─── Supplied material

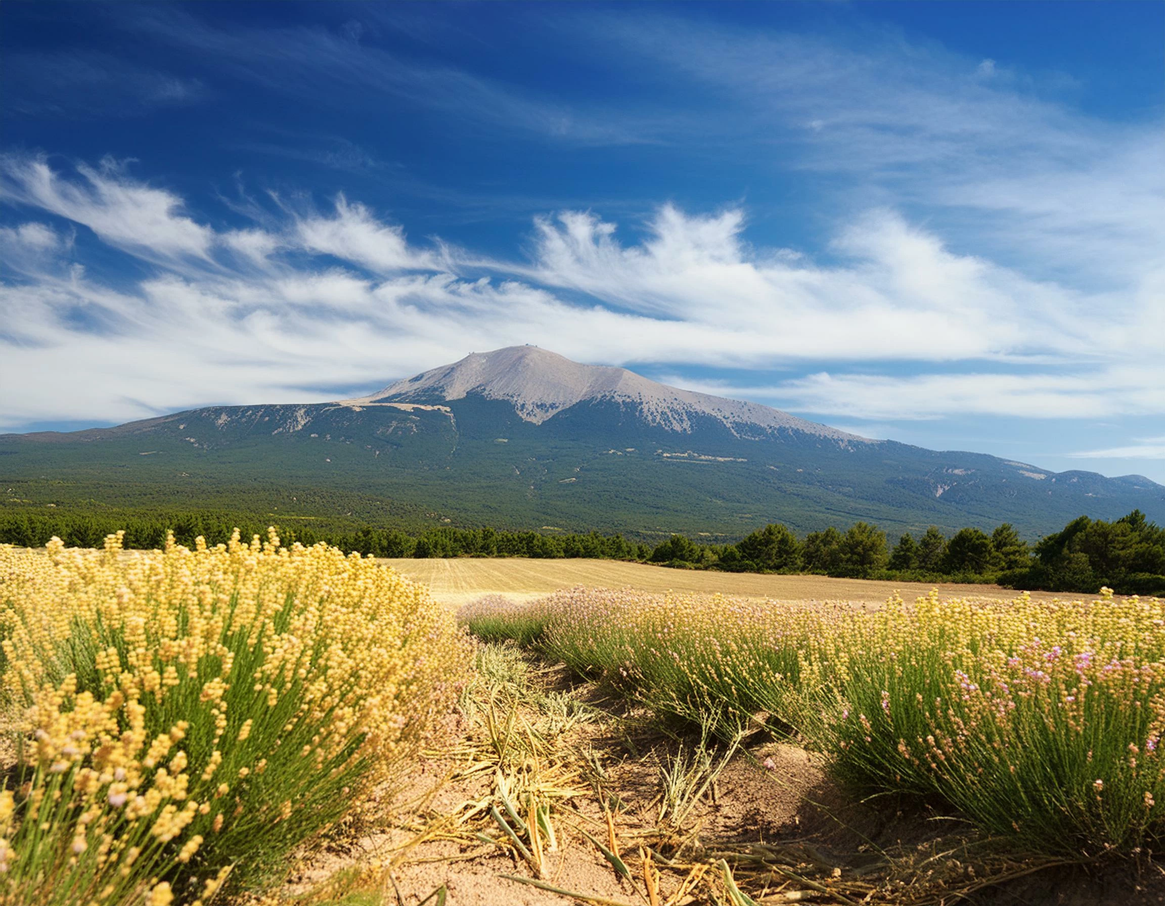 Le Mont Ventoux en été vu depuis la plaine.
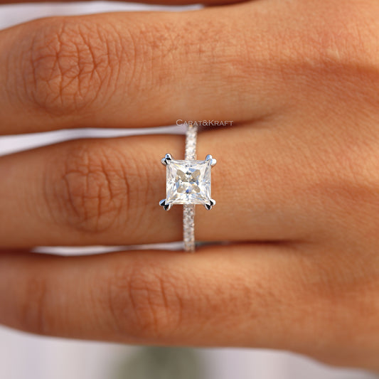 0.50 to 5.00CT Princess Cut Lab Grown Diamond Engagement Ring
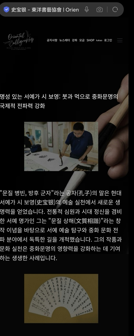 29日,“韩国东洋书艺协会”官网刊文详介著名书法家史宝银,这是继几天前(21日)史宝银书法作品《墨香琴韵》联在韩国首尔举行的“第22回·大韩民国东洋书艺大展暨第22回·中韩书艺招待作家展”展出后的活动。
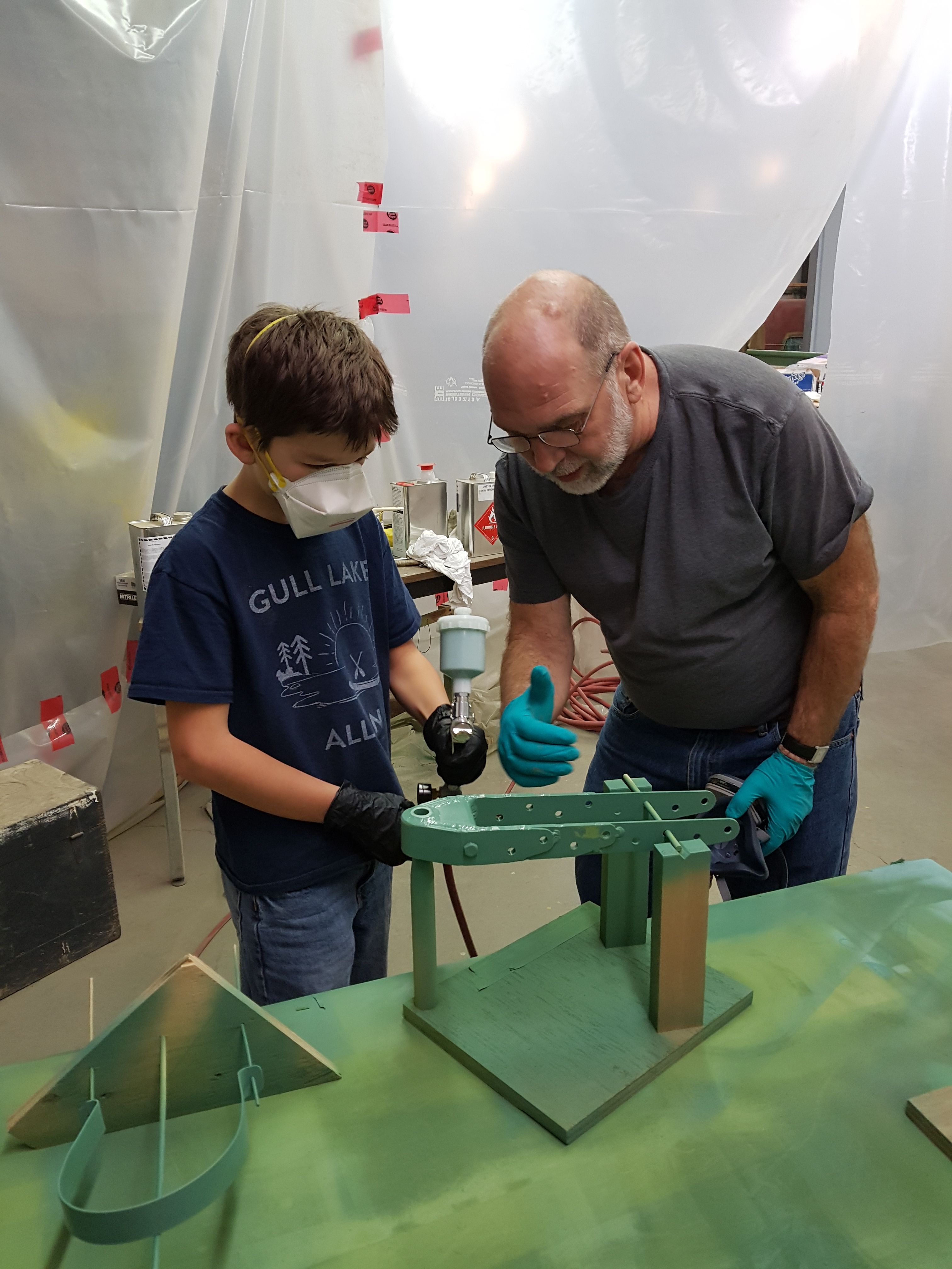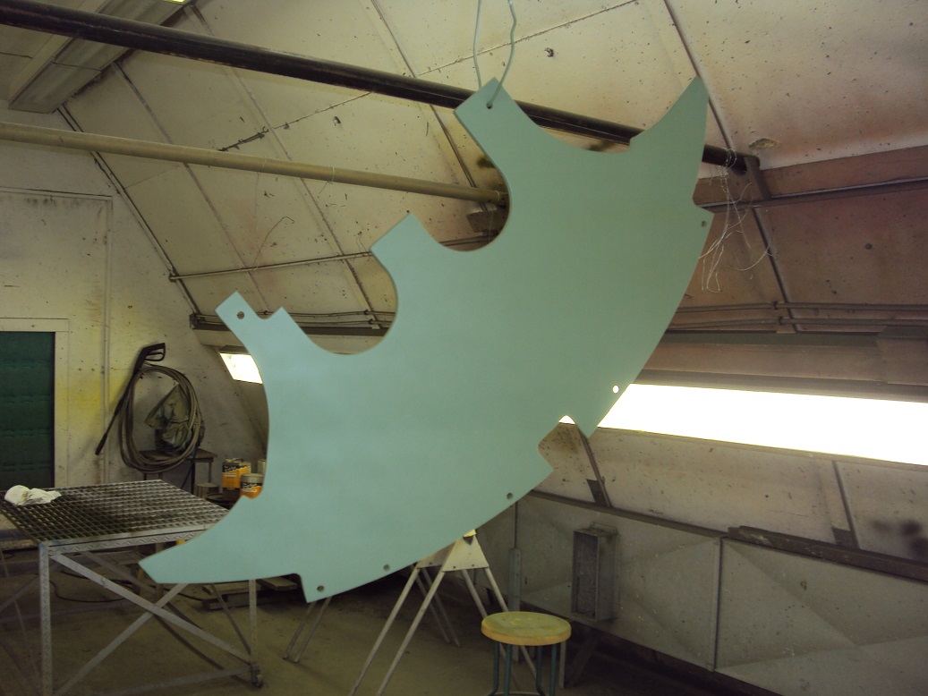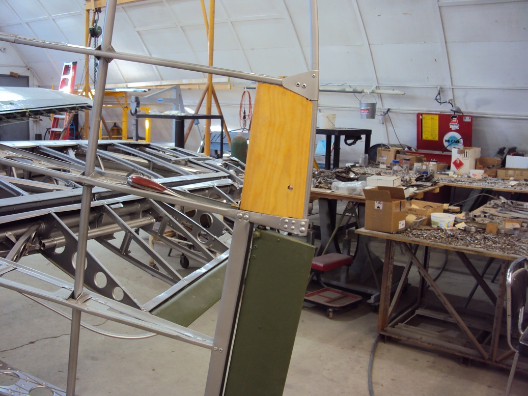Davey D. is now refitting the aft wing attach points after they have been cleaned and painted by Mathew S., who I will return to later in the report. Roger D. and Peter V. built a paint booth which is now in service and is giving us excellent results. With this we should be able to give a cleaner finish to painted surfaces with less heat loss from the building during the winter by not having to use the room sized paint booth for smaller parts. We now spend a large amount of time masking to ready the parts for paint of one color or another.
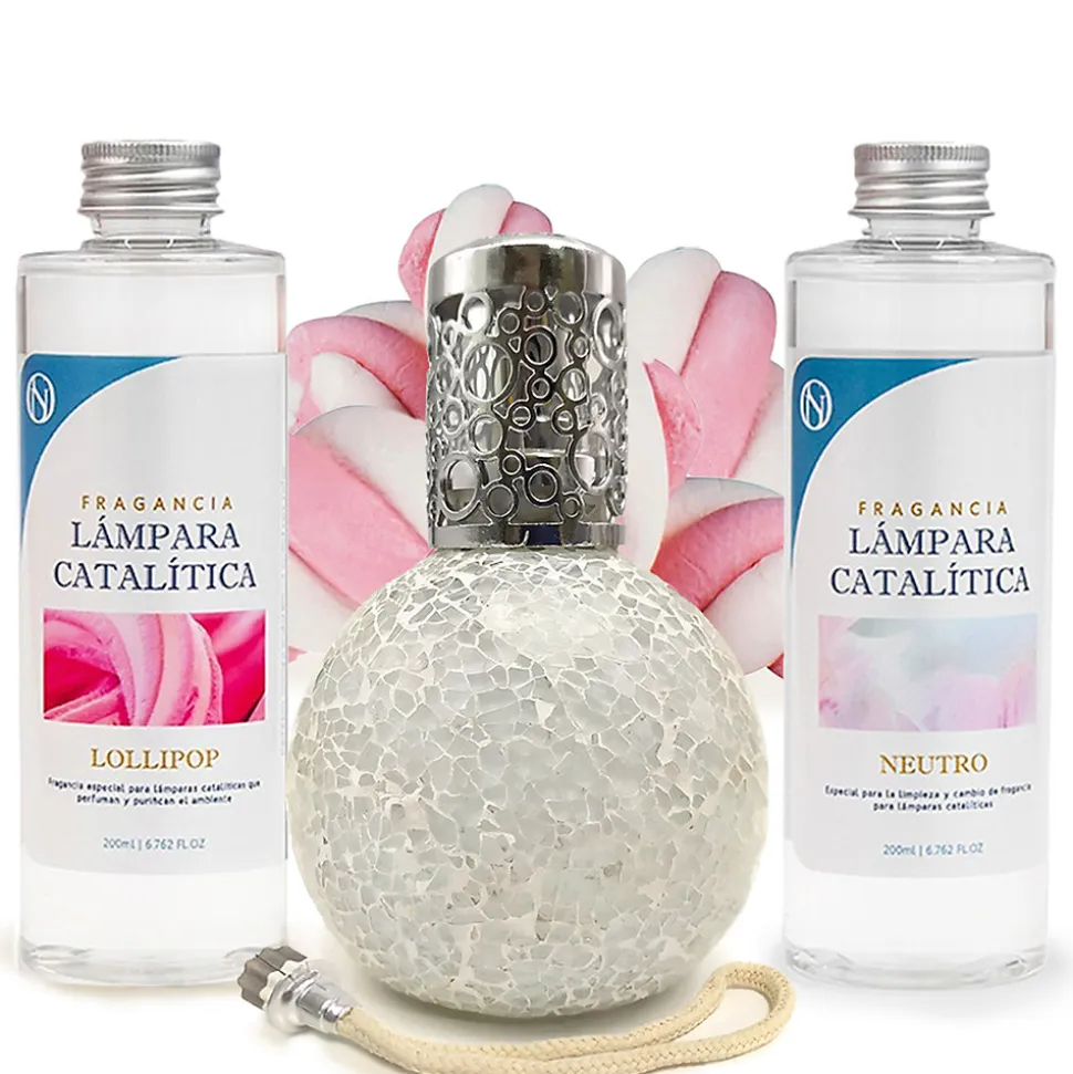❗ Pack économique Lampe Catalytique Mosaïque Blanc + Parfum Lollipop 500 ml + Nettoyant Neutre 200 ml + Mèche de Rechange ❗Une lampe catalytique parfume et purifie l’air et élimine les odeurs tenaces telles que celles du tabac, de la cuisine, de l’humidité, des animaux domestiques, etc. Le système de désodorisant à lampe catalytique crée non seulement un environnement parfumé, mais améliore également la qualité de l’air et embellit la pièce d’un design élégant. En seulement 20 à 30 minutes d’utilisation, la pièce sera parfumée pendant 2 heures. Lorsqu’elle est allumée, la pierre chauffe et génère une catalyse, qui décompose les particules odorantes et purifie l’environnement.⁉️ Comment utiliser une lampe catalytique ?1. REMPLIR LA LAMPE DE PARFUM : Retirez le bouchon décoratif et le capuchon et remplissez la lampe aux 3/4 avec le parfum choisi.2. PLACER LA MÈCHE DANS LA LAMPE : Insérez la mèche éteinte dans la lampe et laissez-la imprégner de parfum pendant environ 15 minutes.3. ALLUMER LA MÈCHE : À l’aide d’un briquet ou d’allumettes, allumez la mèche et laissez la flamme allumée pendant 2 minutes, jusqu’à ce qu’elle se réduise.4. ÉTEINDRE LE BRÛLEUR EN SOUFFLANT : Une fois la flamme réduite, soufflez pour l’éteindre complètement et remettez le capuchon décoratif.5. FIXER LA TÊTE DÉCORATIVE : Une fois la flamme éteinte, placez la tête décorative (avec les trous) sur la lampe à catalyse pour diffuser le parfum. Il est recommandé de l’utiliser pendant 20 à 30 minutes.6. ÉTEINDRE LA LAMPE CATALYTIQUE : Pour éteindre complètement la lampe catalytique, retirez le capuchon décoratif et remettez le capuchon métallique fermé, ce qui arrête la combustion.
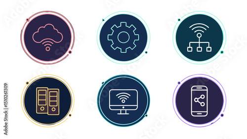 Technology and Networking Line Icons Set including cloud, network, phone, app, and settings with glowing edges and modern gradient style.
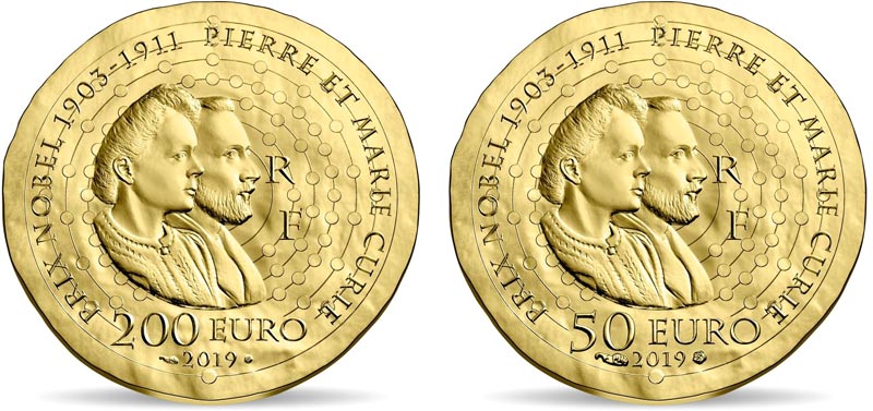 The reverse represents in the center, the couple formed by Marie Curie and her husband Pierre. They are surrounded by the evocation of the Nobel Prizes she has received; one with her husband in 1903, the second, on her own, in 1911.
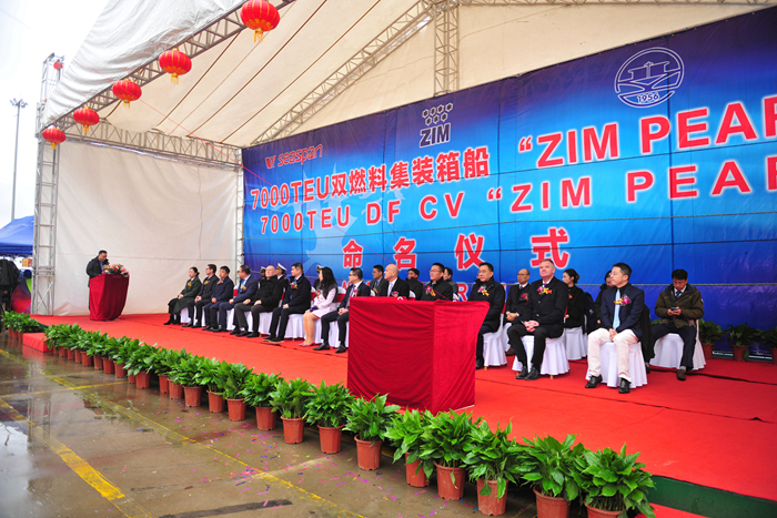 2月21日,我集團(tuán)與SEASPAN、ZIM公司共同為新船舉行了隆重的命名儀式。命名人伍穎嫻女士,SEASPAN公司董事長(zhǎng)/總裁兼首席執(zhí)行官陳兵先生,SEASPAN公司首席商務(wù)官李堃先生,ZIM公司總裁兼首席執(zhí)行官Eli Glickman先生,ZIM公司執(zhí)行副總裁兼首席運(yùn)營(yíng)官David Arbel先生,DNV集團(tuán)高級(jí)副總裁兼大中華區(qū)主席Norbert Kray先生,以及我集團(tuán)董事長(zhǎng)任樂(lè)天先生、集團(tuán)副總經(jīng)理兼新?lián)P子造船總經(jīng)理杜成忠先生、集團(tuán)副總經(jīng)理周科偉先生、集團(tuán)副總經(jīng)理吉宏飛先生等領(lǐng)導(dǎo)和嘉賓共同出席了命名儀式。
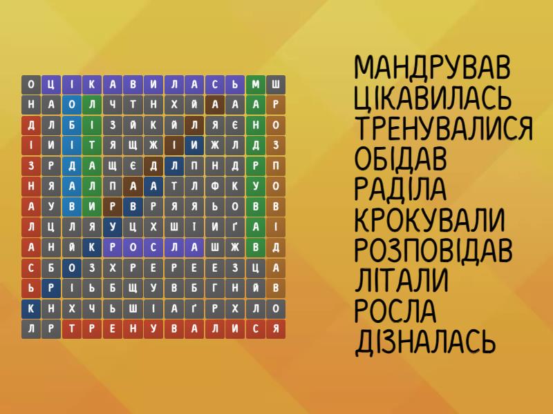 Мандрував, Цікавилась, Тренувалися, Обідав, Раділа , Крокували, Розповідав, Літали, Росла, Дізналась,

──────

Only the lines starting at the one that includes "arrête la combustion." and ending at the one that includes "The reverse represents" should be retyped, exactly, from the records above; no pictures.

Result of this task:
❗ Pack économique Lampe Catalytique Mosaïque Blanc + Parfum Lollipop 500 ml + Nettoyant Neutre 200 ml + Mèche de Rechange ❗Une lampe catalytique parfume et purifie l’air et élimine les odeurs tenaces telles que celles du tabac, de la cuisine, de l’humidité, des animaux domestiques, etc. Le système de désodorisant à lampe catalytique crée non seulement un environnement parfumé, mais améliore également la qualité de l’air et embellit la pièce d’un design élégant. En seulement 20 à 30 minutes d’utilisation, la pièce sera parfumée pendant 2 heures. Lorsqu’elle est allumée, la pierre chauffe et génère une catalyse, qui décompose les particules odorantes et purifie l’environnement.⁉️ Comment utiliser une lampe catalytique ?1. REMPLIR LA LAMPE DE PARFUM : Retirez le bouchon décoratif et le capuchon et remplissez la lampe aux 3/4 avec le parfum choisi.2. PLACER LA MÈCHE DANS LA LAMPE : Insérez la mèche éteinte dans la lampe et laissez-la imprégner de parfum pendant environ 15 minutes.3. ALLUMER LA MÈCHE : À l’aide d’un briquet ou d’allumettes, allumez la mèche et laissez la flamme allumée pendant 2 minutes, jusqu’à ce qu’elle se réduise.4. ÉTEINDRE LE BRÛLEUR EN SOUFFLANT : Une fois la flamme réduite, soufflez pour l’éteindre complètement et remettez le capuchon décoratif.5. FIXER LA TÊTE DÉCORATIVE : Une fois la flamme éteinte, placez la tête décorative (avec les trous) sur la lampe à catalyse pour diffuser le parfum. Il est recommandé de l’utiliser pendant 20 à 30 minutes.6. ÉTEINDRE LA LAMPE CATALYTIQUE : Pour éteindre complètement la lampe catalytique, retirez le capuchon décoratif et remettez le capuchon métallique fermé, ce qui arrête la combustion.
 Technology and Networking Line Icons Set including cloud, network, phone, app, and settings with glowing edges and modern gradient style.
 The reverse represents in the center, the couple formed by Marie Curie and her husband Pierre. They are surrounded by the evocation of the Nobel Prizes she has received; one with her husband in 1903, the second, on her own, in 1911.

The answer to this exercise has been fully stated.